Presidents on parade at Africa-EU summit in February 2022

Michael Taylor is ACCA's chief economist

The African economy has fared badly during the pandemic, both in absolute terms and relative to other global regions. Last year its GDP grew by less than 4%, while the world economy expanded by almost 6%. The International Monetary Fund (IMF) forecasts roughly similar rates of growth for Africa and the world of 4% in 2022, but African GDP should be growing much faster than the global average, given its growing population and catch-up potential, at around 10% a year.

Unlike advanced economies, Africa did not have the fiscal resources to support household and business incomes during Covid-19 lockdowns and social restrictions. As a result, its post-pandemic recovery has been weak and further hampered by a very low rate of vaccination, which has pushed debt levels up, in many cases to unsustainable levels. According to the World Bank, by the end of 2021, South Africa, Angola, Mozambique and Kenya were among the 12 countries that had debt levels in excess of 70% of GDP.

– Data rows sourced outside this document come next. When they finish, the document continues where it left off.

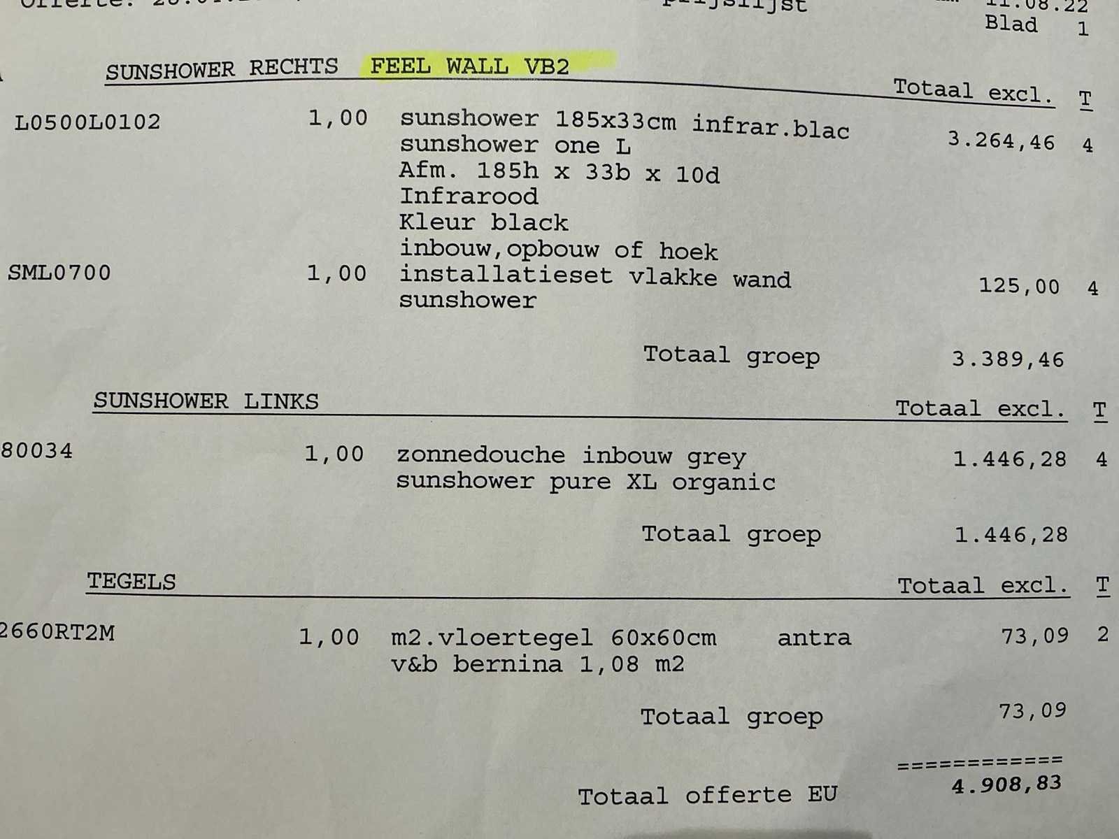 Merk: Sunshower Model: Pure XL Organic Product type: 124x20x10cm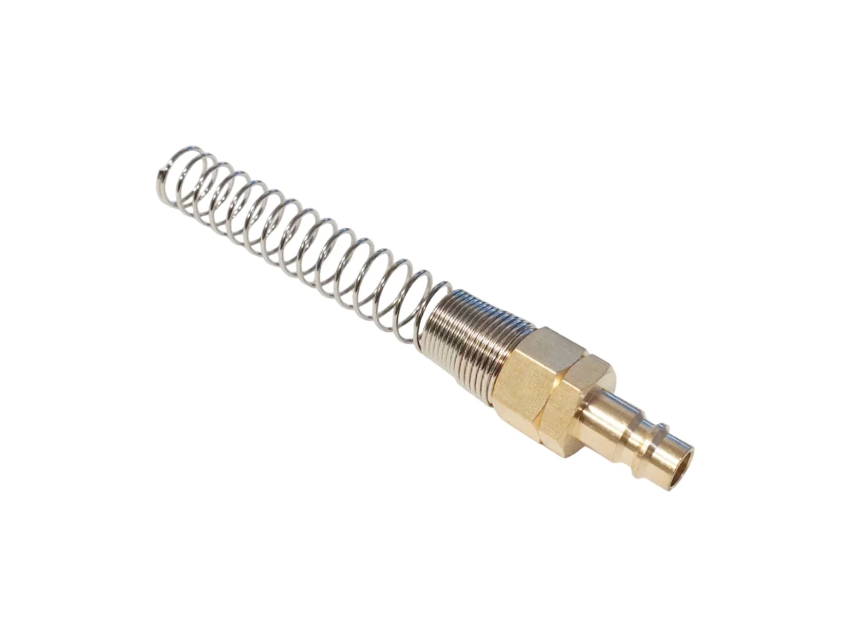 Латунный переходник "папа" быстросъемный с креплением под шланг 10*14 мм и пружиной для защиты шланга. Предназначен для присоединения к пневматическим шлангам через обжимное крепление. Применяется совместно с быстросъемным соединением "мама".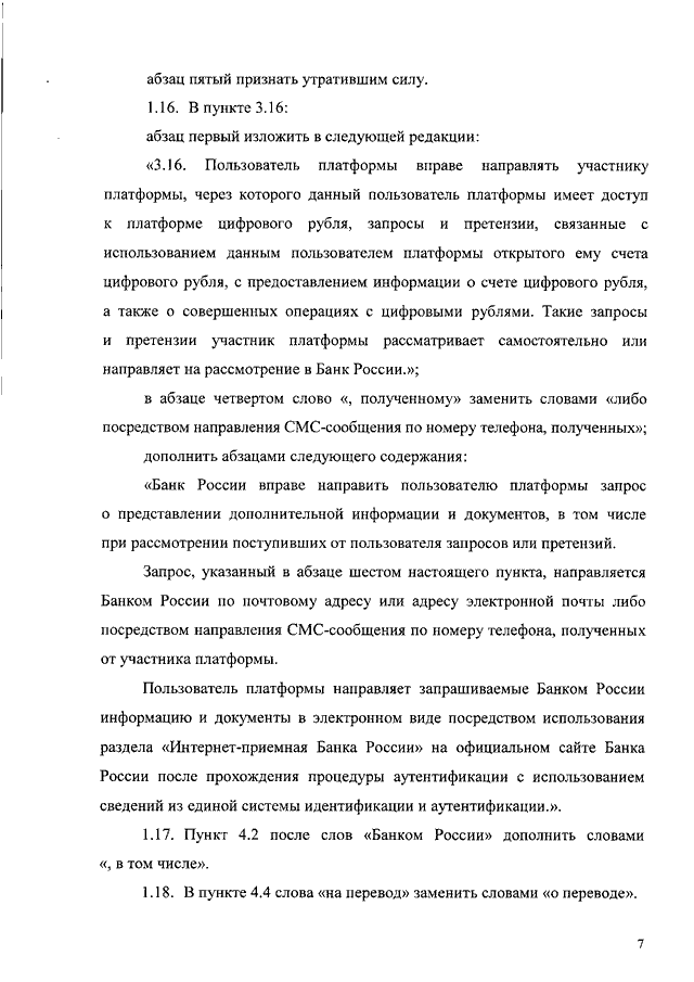 "О ВНЕСЕНИИ ИЗМЕНЕНИЙ В ПОЛОЖЕНИЕ БАНКА РОССИИ ОТ 3 АВГУСТА 2023 Г. N 820-П "О ПЛАТФОРМЕ ЦИФРОВОГО РУБЛЯ"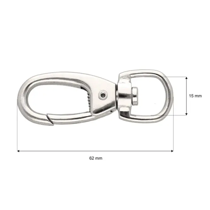 Karabińczyk metalowy 15×62 mm SREBRNY to niezawodny element mocujący do różnych zastosowań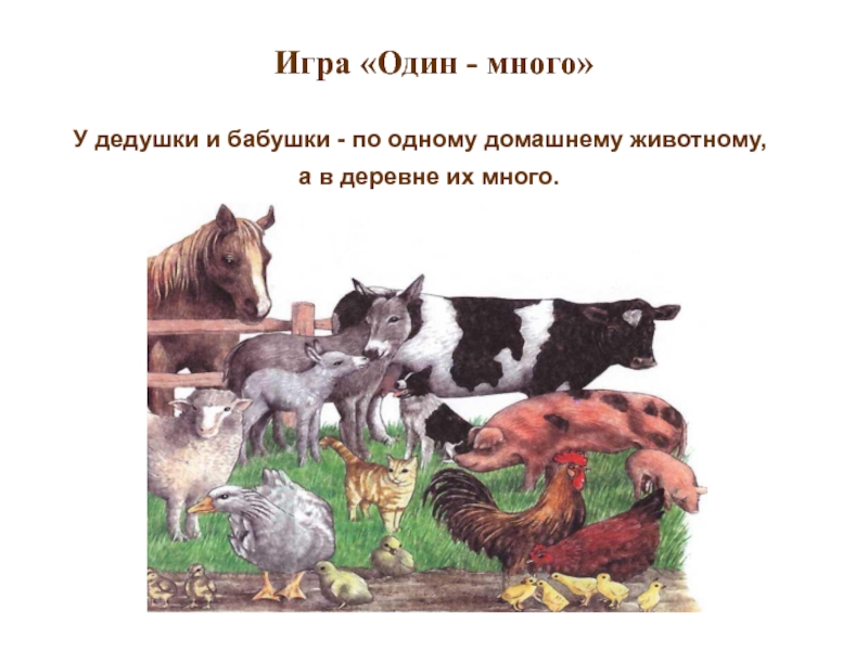 Игра «Один - много»  У дедушки и бабушки - по одному домашнему животному,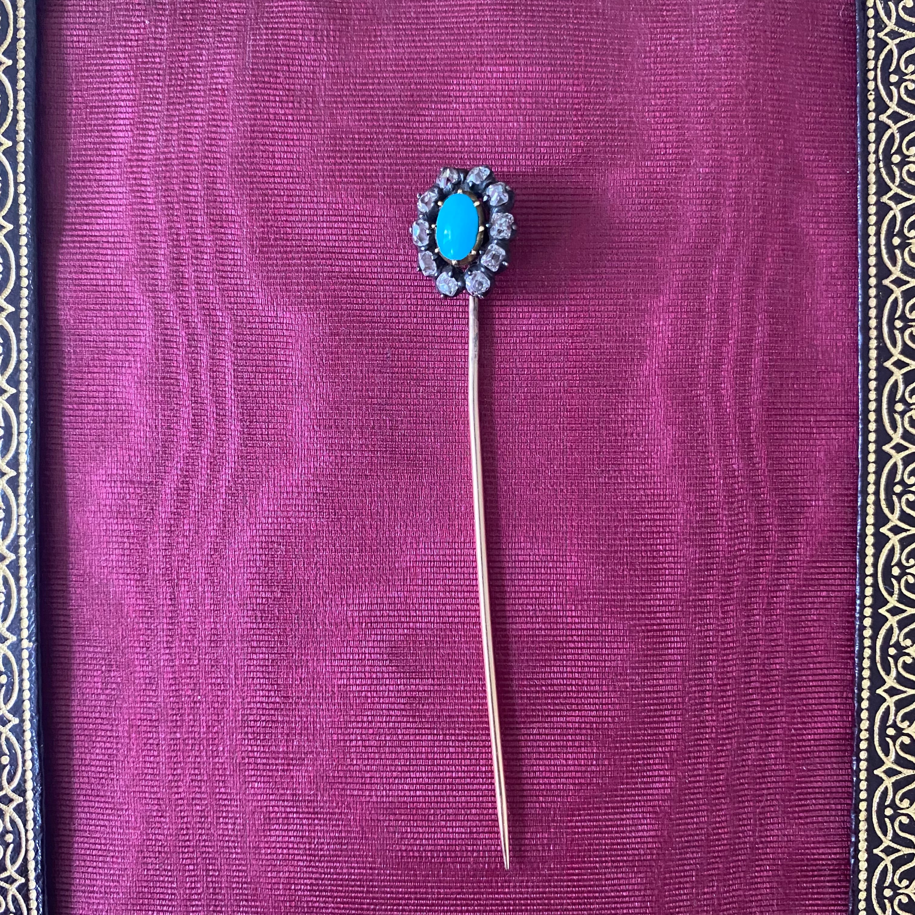 オールドマインカット ダイヤモンド & ターコイズ ハットピン

SDRs give substantial extra liquidity without adding to a country’s debt burden

The IMF’s creation in 2021 of an extra US$650bn worth of special drawing rights (SDRs) could help many African countries. SDRs are a form of liquidity that are added to a country’s foreign exchange reserves. Their main advantage is to give substantial extra liquidity without adding to a country’s debt burden. This new allocation would give governments greater flexibility to use foreign hard currency to finance imports, boost their public finances or pay off debts.

Uneven distribution

But the rules are that any new issue of SDRs is distributed on the basis of capital contributions to the IMF. The US was accordingly allocated 17% of the US$650bn total, worth around US$113bn. The entire continent of Africa received just US$33bn (5% of the total), and even this was heavily skewed in favour of just two countries, South Africa and Nigeria.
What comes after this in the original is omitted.